Silverman recorded his debut solo album for Windham Hill and appeared on many of the label's compilations. He was formerly first violinist with the Turtle Island String Quartet, a member of the Terry Riley Trio with composer Terry Riley and a long-time guest artist with pianist Jim Brickman. He is notable not only for his development and use of the electric 6-string violin, but also for what he terms “progressive string playing”, an evolution of classical string playing that embraces contemporary popular idioms such as rock, jazz and hip hop.

He performed at the gala opening of Walt Disney Concert Hall in Los Angeles where he was the featured soloist in the premiere of John Adams's composition The Dharma at Big Sur, written specifically for Silverman and his 6-string electric violin. He performed a solo Tiny Desk Concert on NPR in 2014.

Silverman is the host of the For the Greater Groove: The Future of Strings podcast and the author of "The Strum Bowing Method: How to Groove on Strings" and "The Rhythm String Player" along with several etude books and teaches at his own Strum Bowing Groove Academy and at Belmont University in Nashville, Tennessee. He has also been an instructor at Mark O'Connor's String Camps as well as The Mark Wood Rock Orchestra Camp.

==Discography==

===As leader or co-leader===

- Trip to the Sun (Windham Hill, 1999)
- Yangin' with the Yin Crowd (Gutbucket, 2001)
- Superstring (with Ferdinand Forsch) (Atelier, 2002 )
- North Meets South (with Caito Marcondes) (Nucleo Contemporaneo, 2002)
- I'd Rather Be Dreaming (2004)
- Streaming Video Soul (2008)
- Three Part Invention (with Philip Aaberg, Eugene Friesen) (Sweetgrass, 2009)
- May All Good Things (2010)
- Between the Kiss and the Chaos (Delos, 2014)
- Resonance 2.3 (2015)
- Live from Matthew's Opera House (with Roy ("Futureman") Wooten (2018)
- Five Times Surprise (with Henry Kaiser, Anthony Pirog, Jeff Sipe, Andy West) (Cuneiform, 2019)

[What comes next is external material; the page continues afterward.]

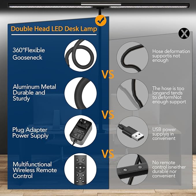 - 【Clip adjustable desk lamp】: This office desk lamp features a 360 ° gooseneck tube, a 180 ° foldable swing arm, and a 360 ° rotatable lamp head that can be adjusted to any angle. It is suitable for office lighting, work, reading, learning, handicrafts, painting, dormitories, and more, providing a larger coverage area for optimal visibility.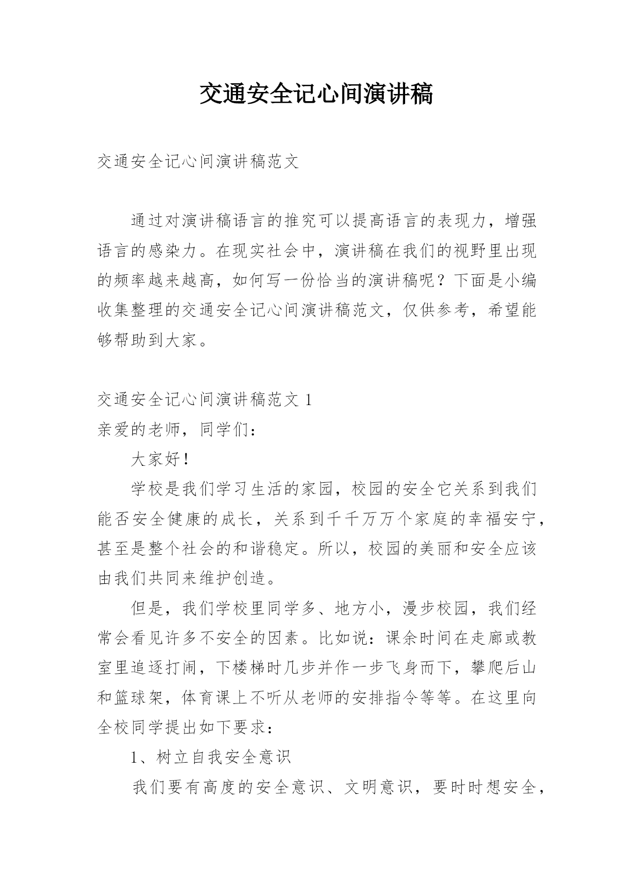 交通安全记心间演讲稿交通安全记心间演讲稿范文通过对演讲稿语言的推究可以提高语言的表现力,增强语言的感染力。在现实社会中,演讲稿在我们的视野里出现的频率越来越高,如何写一份恰当的演讲稿呢?下面是小编收集整理的交通安全记心间演讲稿范文,仅供参考,希望能够帮助到大家。交通安全记心间演讲稿范文1亲爱的老师,同学们:大家好!学校是我们学习生活的家园,校园的安全它关系到我们能否安全健康的成长,关系到千千万万个家庭的幸福安宁,甚至是整个社会的和谐稳定。所以,校园的美丽和安全应该由我们共同来维护创造。但是,我们学校里同学

===With the Turtle Island String Quartet===

- Who Do We Think We Are? (Windham Hill, 1994)
- A Night in Tunisia, A Week in Detroit (Chandos, 1994)
- By the Fireside (1995)

===As guest===

- On A Starry Night (Windham Hill, 1997)
- John Adams: The Dharma at Big Sur (Nonesuch, 2006)
- Palmian Chord Ryddle (2017)
- The Three Generations Trio (2017)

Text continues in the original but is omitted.